What is an exploration engine?
There is search, and there is exploration. Search is when you are looking for a train table, the birth date of Queen Elizabeth, the best way to Chicago. You know what you are looking for, and there is a simple answer. Exploration is when you are looking for a good movie, an idea for a birthday gift, an opinion about a political debate. You don’t know what you are looking for, and there is no simple answer.
Exploration is no better than search. We don’t want to explore the landscape of train timetable websites. We just want to know when our train leaves. And we don’t want to explore all the possibilities to go to Chicago.
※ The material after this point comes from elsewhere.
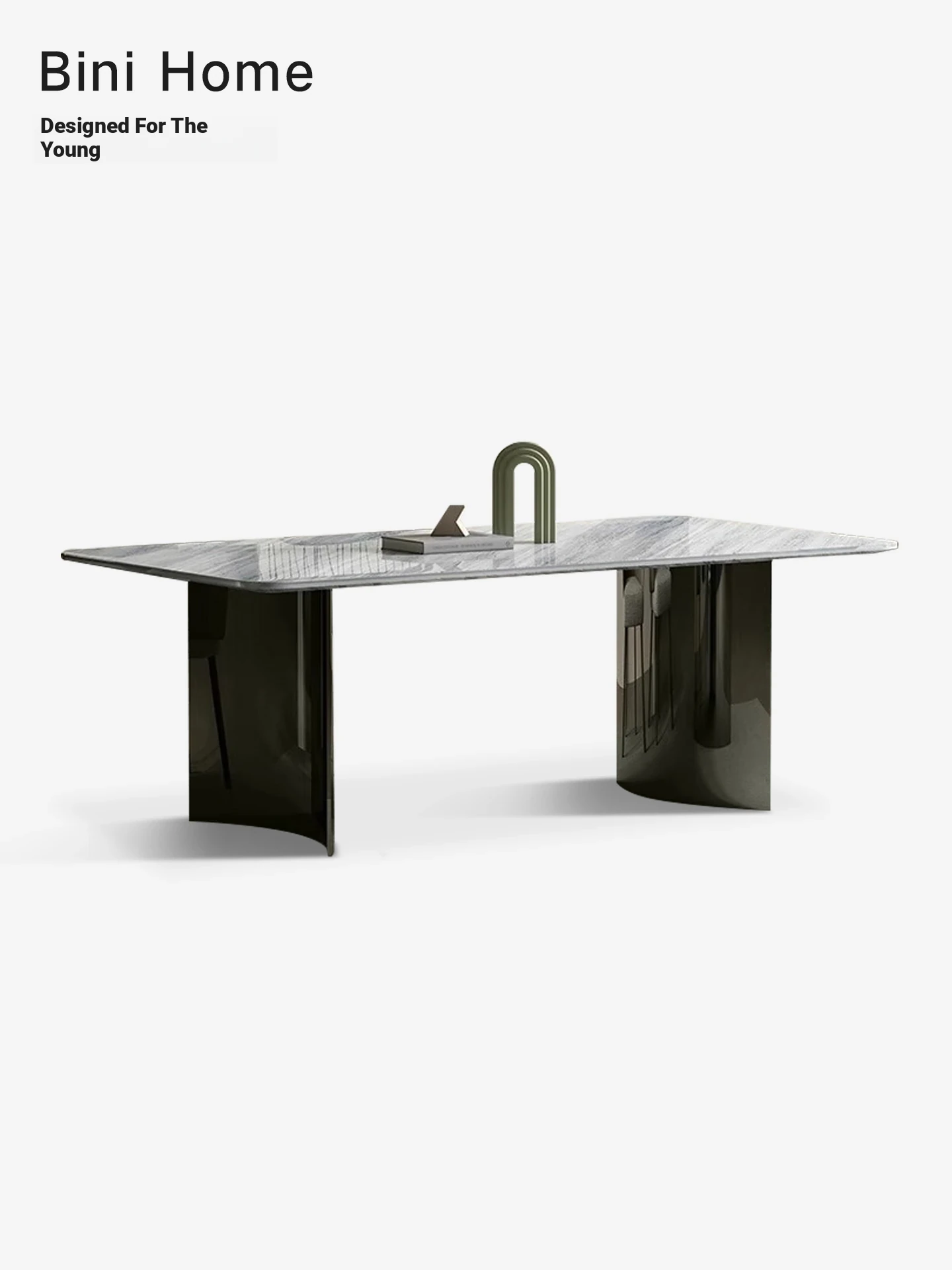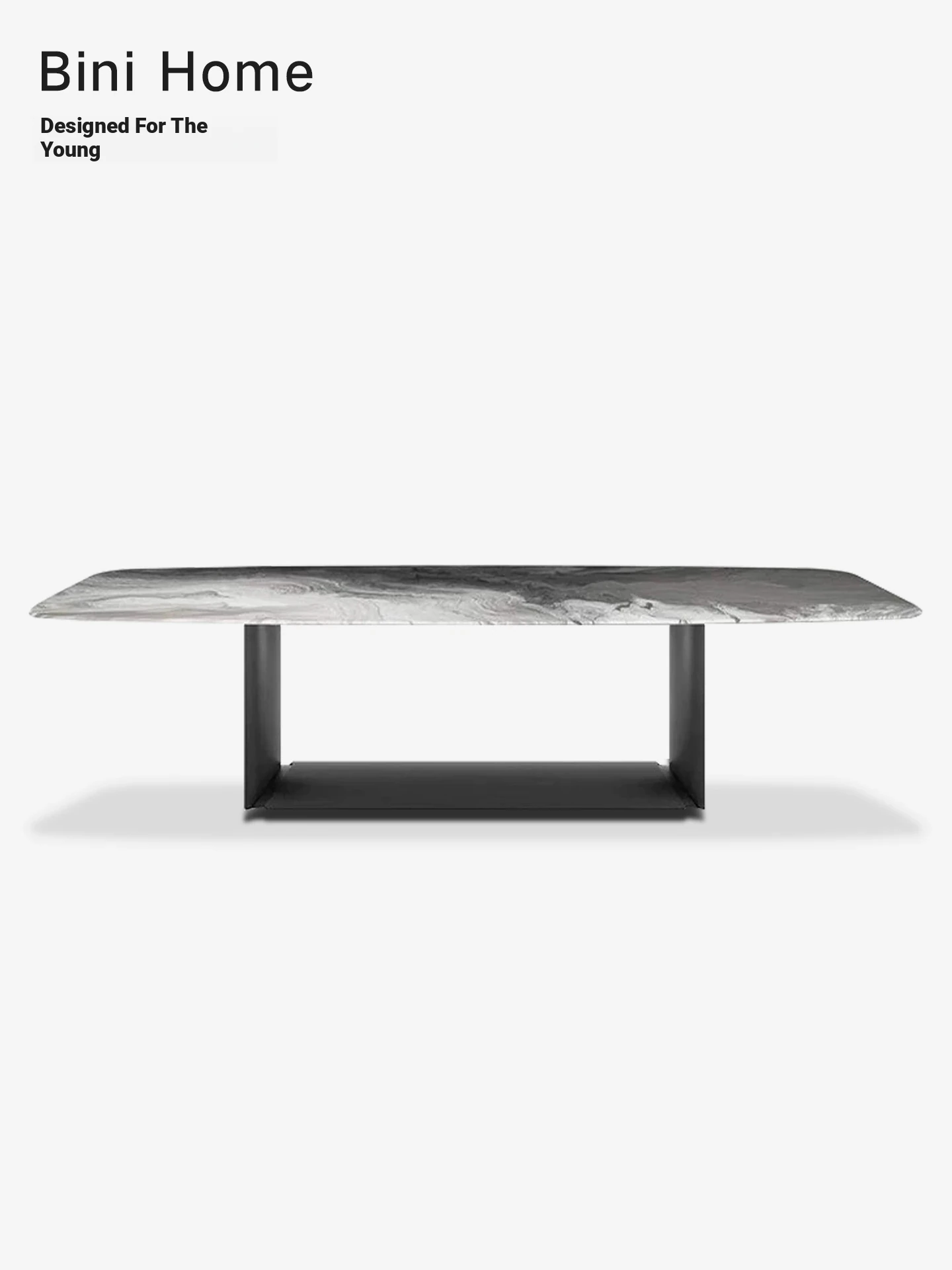 Nordic Style Marble Dining Table and Chair Set - Modern Minimalist Rectangular Design for 8 People, Perfect for Luxurious Living Rooms.

We just want the fastest, or the cheapest, or the greenest.
Search and exploration are thus two different activities. As Kalinov et al. (2012) write:
“Search engines by design satisfy the information locating need only (the user knows something exists and needs to find out where it is). They do not address the complementary information discovery need (the user does not know something and needs to find out that it exists).” (Kalinov et al., 2012)
Yet, at the moment, we only have one tool, search engines. Search engines, like Google, are great, but they are mostly great at searching. They give you the most relevant response to your specific needs. And they are increasingly good at that. But they're not good at exploring.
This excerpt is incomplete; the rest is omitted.